» PROVIDED DATA:
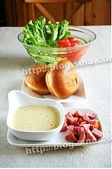 生菜和西红柿洗净,用淡盐水浸泡几分钟,鸡蛋加盐、胡椒粉打散,火腿切丁;
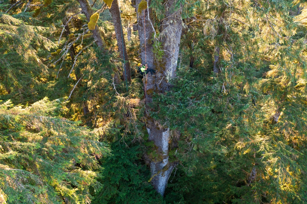 Spectacular drone footage and photos reveal climbers more than 20 stories in the air in the “hydra-like” canopy of an old-growth Sitka spruce, highlighting the incredible grandeur of old-growth forests in British Columbia during Earth Week.
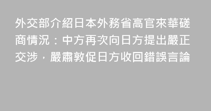 日本外務省亞洲大洋洲局局長金井正彰昨天(17日)起訪華。據日媒報道,在中國期間,他將圍繞日本首相高市早苗涉臺言論與中方進行磋商。今天,外交部亞洲司司長劉勁松與其會面。14時左右,金井正彰一行離開中國外交部。面對媒體提問,他並未給出任何表態。(總檯央視記者孫巖峯黃惠馨曹筱徵)......

» YOUR INSTRUCTIONS:
With the images removed, write out all of the material above exactly.

» ANSWER TO THE PROBLEM:
 生菜和西红柿洗净,用淡盐水浸泡几分钟,鸡蛋加盐、胡椒粉打散,火腿切丁;
 Spectacular drone footage and photos reveal climbers more than 20 stories in the air in the “hydra-like” canopy of an old-growth Sitka spruce, highlighting the incredible grandeur of old-growth forests in British Columbia during Earth Week.
 日本外務省亞洲大洋洲局局長金井正彰昨天(17日)起訪華。據日媒報道,在中國期間,他將圍繞日本首相高市早苗涉臺言論與中方進行磋商。今天,外交部亞洲司司長劉勁松與其會面。14時左右,金井正彰一行離開中國外交部。面對媒體提問,他並未給出任何表態。(總檯央視記者孫巖峯黃惠馨曹筱徵)......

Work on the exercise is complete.